Activity ▸ Could you restate the data word for word and drop the pictures?

Provided data ▸
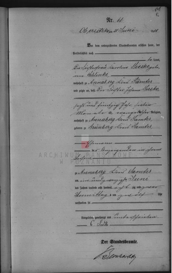 Familie Johann Sieske (verh. Schlinke) Tod Johann Sieske (21.06.1880) admin 09.02.2023 Die Försterfrau Caroline Sieske (geb. Schlinke) zeigt an, dass ihr Ehemann der Förster Johann Sieske (56 Jahre und 7 Monate alt) am 21.06.1880 in Annaberg verstorben sei. Continue Reading Previous: Tod Caroline Schlinke (25.09.1896)Next: Geburt Eduard Ernst Sieske (03.11.1860) Related Stories Heirat Johann Sieske / Caroline Schlinke (1848) Familie Johann Sieske (verh. Schlinke) Heirat Johann Sieske / Caroline Schlinke (1848) 02.08.2023 Geburt Hermann Albert Sieske (01.12.1848) Familie Johann Sieske (verh. Schlinke) Geburt Hermann Albert Sieske (01.12.1848) 02.08.2023 Todgeburt Sieske/Schlinke (17.04.1850) Familie Johann Sieske (verh. Schlinke) Todgeburt Sieske/Schlinke (17.04.1850) 02.08.2023
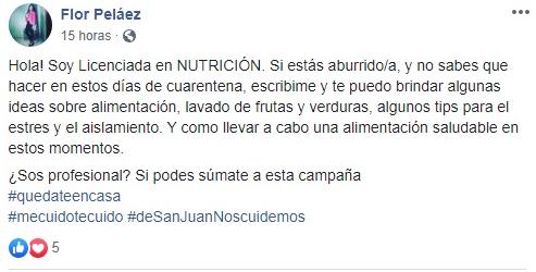 "¡Hola! Soy licenciada en Nutrición. Si estás aburrido/a, y no sabes que hacer en estos días de cuarentena, escribime y te puedo brindar algunas ideas sobre alimentación, lavado de frutas y verduras, algunos tips para el estres y el aislamiento. Y como llevar a cabo una alimentación saludable en estos momentos", escribió Flor Peláez, quien invitó a otros profesionales a sumarse a la medida.
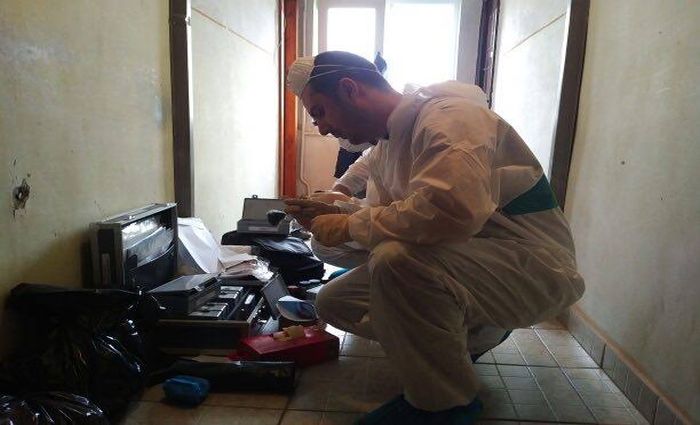 Criminalistii au prelevat probe din locuinta, iar medicii legisti au preluat cadavrul pentru autopsie.
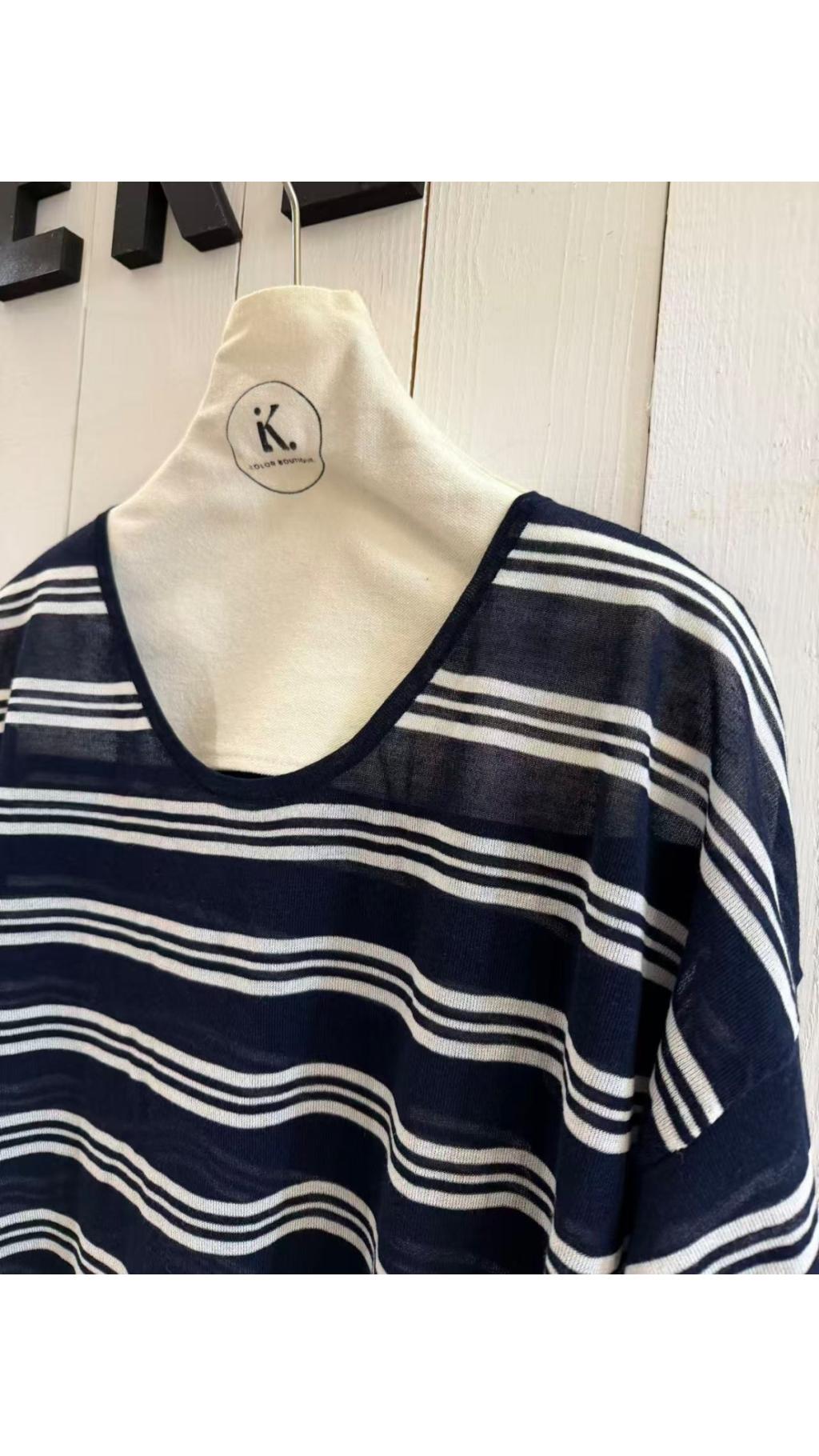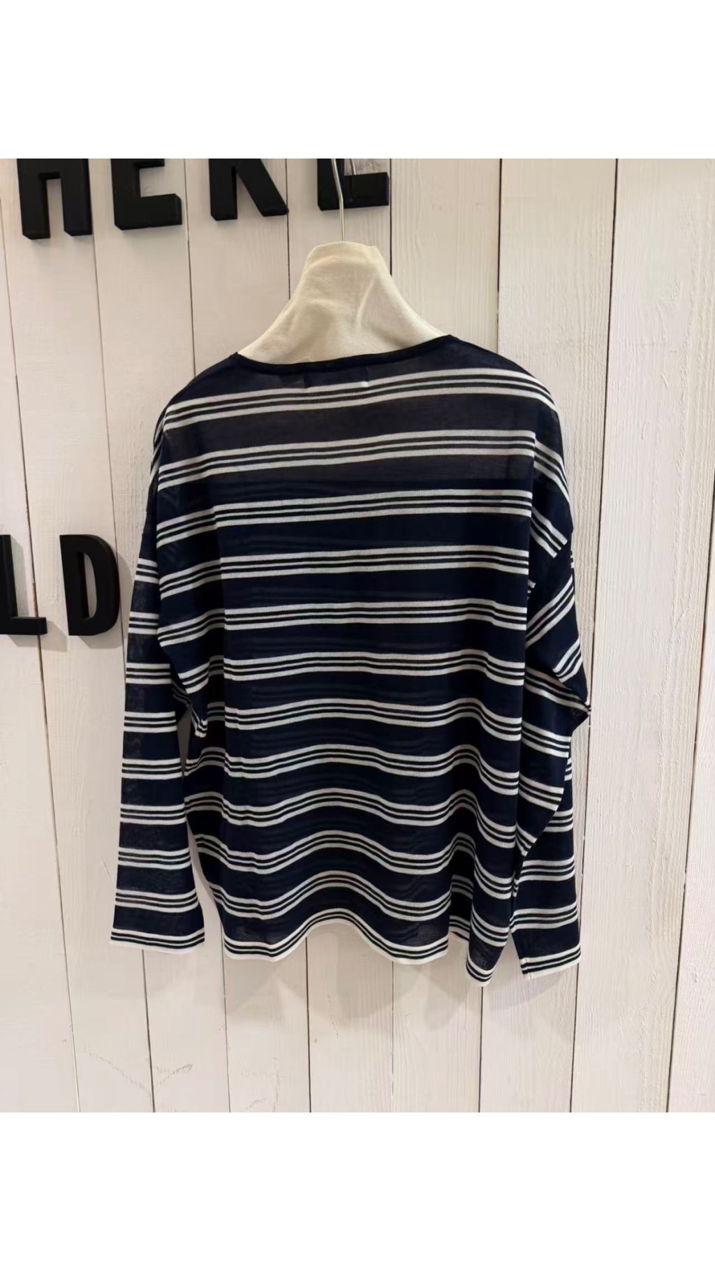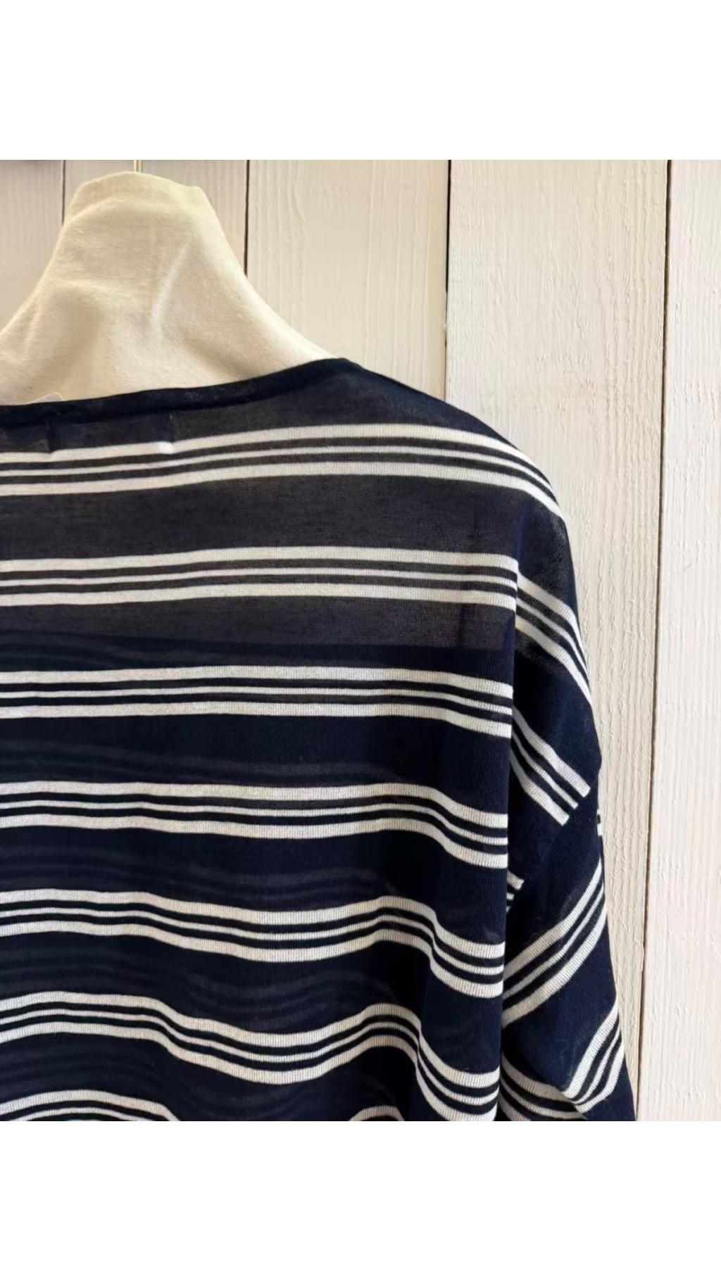 經典橫條紋設計:藏青 + 米白撞色條紋,經典耐看,打破基礎款的單調,打造滿滿海風與復古感,視覺層次豐富。

Solution below ▸
 Familie Johann Sieske (verh. Schlinke) Tod Johann Sieske (21.06.1880) admin 09.02.2023 Die Försterfrau Caroline Sieske (geb. Schlinke) zeigt an, dass ihr Ehemann der Förster Johann Sieske (56 Jahre und 7 Monate alt) am 21.06.1880 in Annaberg verstorben sei. Continue Reading Previous: Tod Caroline Schlinke (25.09.1896)Next: Geburt Eduard Ernst Sieske (03.11.1860) Related Stories Heirat Johann Sieske / Caroline Schlinke (1848) Familie Johann Sieske (verh. Schlinke) Heirat Johann Sieske / Caroline Schlinke (1848) 02.08.2023 Geburt Hermann Albert Sieske (01.12.1848) Familie Johann Sieske (verh. Schlinke) Geburt Hermann Albert Sieske (01.12.1848) 02.08.2023 Todgeburt Sieske/Schlinke (17.04.1850) Familie Johann Sieske (verh. Schlinke) Todgeburt Sieske/Schlinke (17.04.1850) 02.08.2023
 "¡Hola! Soy licenciada en Nutrición. Si estás aburrido/a, y no sabes que hacer en estos días de cuarentena, escribime y te puedo brindar algunas ideas sobre alimentación, lavado de frutas y verduras, algunos tips para el estres y el aislamiento. Y como llevar a cabo una alimentación saludable en estos momentos", escribió Flor Peláez, quien invitó a otros profesionales a sumarse a la medida.
 Criminalistii au prelevat probe din locuinta, iar medicii legisti au preluat cadavrul pentru autopsie.
 經典橫條紋設計:藏青 + 米白撞色條紋,經典耐看,打破基礎款的單調,打造滿滿海風與復古感,視覺層次豐富。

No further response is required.